[Opening Given entries section]

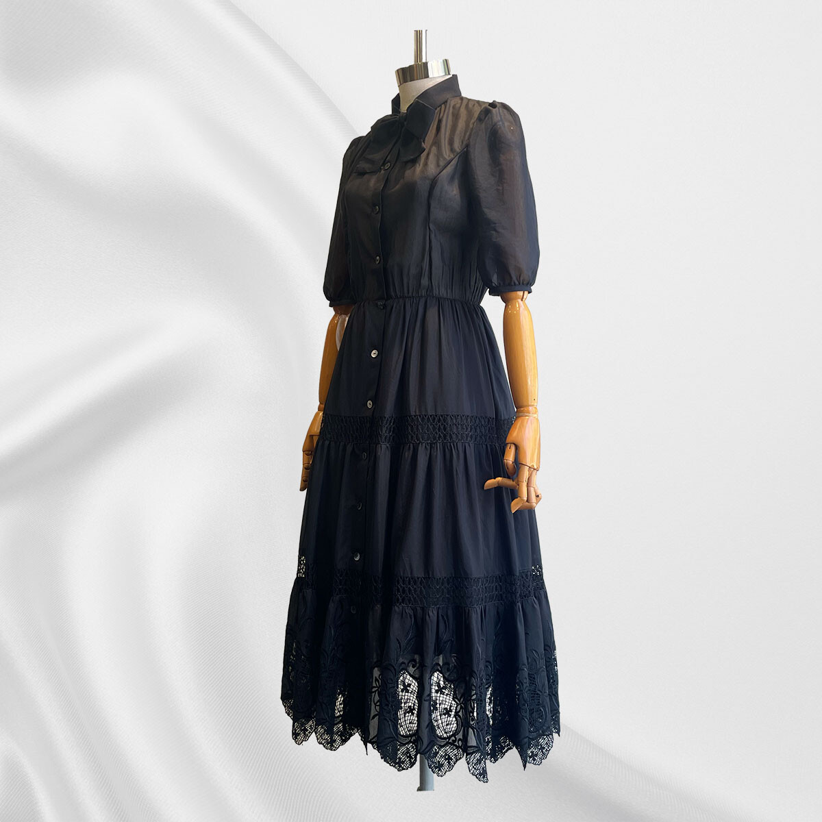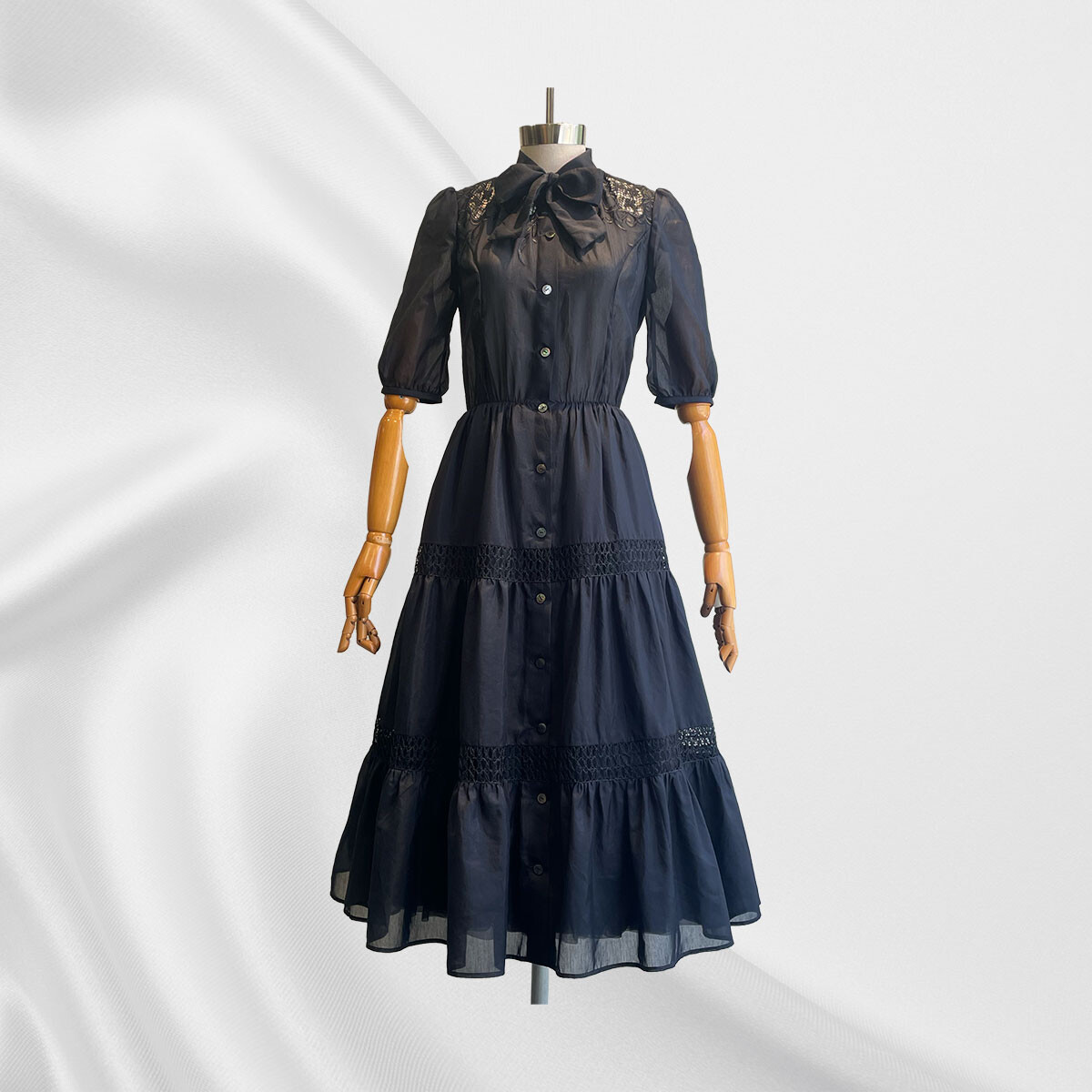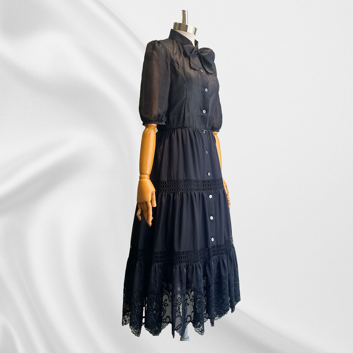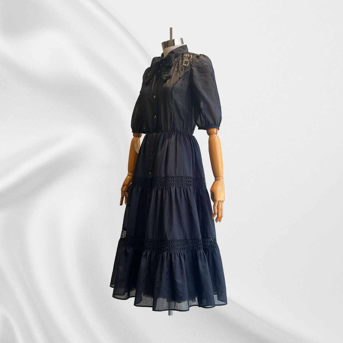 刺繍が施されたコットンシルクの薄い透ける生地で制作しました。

[Closing Given entries section]
[Opening Given entries section]

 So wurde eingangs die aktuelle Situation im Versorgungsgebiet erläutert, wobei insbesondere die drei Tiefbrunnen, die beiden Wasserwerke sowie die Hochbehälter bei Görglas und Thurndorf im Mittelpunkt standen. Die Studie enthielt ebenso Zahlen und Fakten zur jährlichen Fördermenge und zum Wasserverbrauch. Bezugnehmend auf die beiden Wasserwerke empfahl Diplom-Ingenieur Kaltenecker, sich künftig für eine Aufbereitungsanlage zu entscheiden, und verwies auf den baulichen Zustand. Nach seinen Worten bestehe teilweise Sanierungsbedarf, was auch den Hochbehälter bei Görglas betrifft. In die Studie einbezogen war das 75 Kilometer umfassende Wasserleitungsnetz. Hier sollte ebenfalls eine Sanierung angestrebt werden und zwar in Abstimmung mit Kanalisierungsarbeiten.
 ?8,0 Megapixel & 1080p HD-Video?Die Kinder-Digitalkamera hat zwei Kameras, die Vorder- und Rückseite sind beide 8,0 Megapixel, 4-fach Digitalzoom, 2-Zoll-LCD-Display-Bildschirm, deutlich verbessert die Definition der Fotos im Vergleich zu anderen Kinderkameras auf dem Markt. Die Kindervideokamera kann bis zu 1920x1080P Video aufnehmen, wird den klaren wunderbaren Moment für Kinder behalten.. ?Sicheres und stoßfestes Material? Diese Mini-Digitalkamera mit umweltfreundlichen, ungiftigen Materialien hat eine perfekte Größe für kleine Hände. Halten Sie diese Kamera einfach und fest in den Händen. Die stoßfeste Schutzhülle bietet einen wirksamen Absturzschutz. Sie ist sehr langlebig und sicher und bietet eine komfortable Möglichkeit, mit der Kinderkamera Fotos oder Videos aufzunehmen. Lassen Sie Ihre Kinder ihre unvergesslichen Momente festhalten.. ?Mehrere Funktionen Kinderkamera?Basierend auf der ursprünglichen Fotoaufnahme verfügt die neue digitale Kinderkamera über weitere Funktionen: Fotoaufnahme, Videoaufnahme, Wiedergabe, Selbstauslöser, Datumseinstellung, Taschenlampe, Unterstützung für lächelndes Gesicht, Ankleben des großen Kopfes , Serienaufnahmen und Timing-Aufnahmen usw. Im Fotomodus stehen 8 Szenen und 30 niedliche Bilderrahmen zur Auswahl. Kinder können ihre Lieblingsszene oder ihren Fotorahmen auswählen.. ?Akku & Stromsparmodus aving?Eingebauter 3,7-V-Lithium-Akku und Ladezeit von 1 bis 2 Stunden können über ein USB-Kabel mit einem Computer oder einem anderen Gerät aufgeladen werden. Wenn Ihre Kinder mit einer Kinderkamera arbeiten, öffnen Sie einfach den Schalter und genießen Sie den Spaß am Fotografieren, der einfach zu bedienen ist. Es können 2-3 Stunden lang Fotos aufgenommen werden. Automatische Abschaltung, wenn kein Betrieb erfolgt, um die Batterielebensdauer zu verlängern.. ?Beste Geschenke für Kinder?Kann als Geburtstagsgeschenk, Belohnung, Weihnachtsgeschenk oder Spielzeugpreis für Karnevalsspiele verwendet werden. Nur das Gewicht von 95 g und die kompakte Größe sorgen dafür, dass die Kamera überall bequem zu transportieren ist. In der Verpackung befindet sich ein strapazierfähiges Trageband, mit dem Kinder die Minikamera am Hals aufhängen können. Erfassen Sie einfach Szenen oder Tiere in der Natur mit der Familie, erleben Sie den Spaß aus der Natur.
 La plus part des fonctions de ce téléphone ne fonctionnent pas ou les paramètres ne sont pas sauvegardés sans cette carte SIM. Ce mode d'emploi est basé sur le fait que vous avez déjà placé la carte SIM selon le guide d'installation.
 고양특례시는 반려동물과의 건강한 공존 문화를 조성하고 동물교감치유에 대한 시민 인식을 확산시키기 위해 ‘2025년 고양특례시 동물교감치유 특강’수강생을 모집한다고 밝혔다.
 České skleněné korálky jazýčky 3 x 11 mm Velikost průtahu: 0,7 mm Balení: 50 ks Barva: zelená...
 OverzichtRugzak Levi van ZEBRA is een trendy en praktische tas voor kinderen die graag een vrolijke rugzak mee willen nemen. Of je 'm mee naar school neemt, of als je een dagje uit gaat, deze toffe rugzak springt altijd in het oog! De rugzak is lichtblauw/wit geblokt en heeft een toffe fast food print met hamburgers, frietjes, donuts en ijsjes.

[Closing Given entries section]

* What needs to be done *
Where the data above reaches the line holding "고양특례시는 반려동물과의 건강한", begin printing, and stop after the line holding "OverzichtRugzak Levi van". Each line must be reproduced exactly, with nothing else added.

* Solution to the exercise *
 고양특례시는 반려동물과의 건강한 공존 문화를 조성하고 동물교감치유에 대한 시민 인식을 확산시키기 위해 ‘2025년 고양특례시 동물교감치유 특강’수강생을 모집한다고 밝혔다.
 České skleněné korálky jazýčky 3 x 11 mm Velikost průtahu: 0,7 mm Balení: 50 ks Barva: zelená...
 OverzichtRugzak Levi van ZEBRA is een trendy en praktische tas voor kinderen die graag een vrolijke rugzak mee willen nemen. Of je 'm mee naar school neemt, of als je een dagje uit gaat, deze toffe rugzak springt altijd in het oog! De rugzak is lichtblauw/wit geblokt en heeft een toffe fast food print met hamburgers, frietjes, donuts en ijsjes.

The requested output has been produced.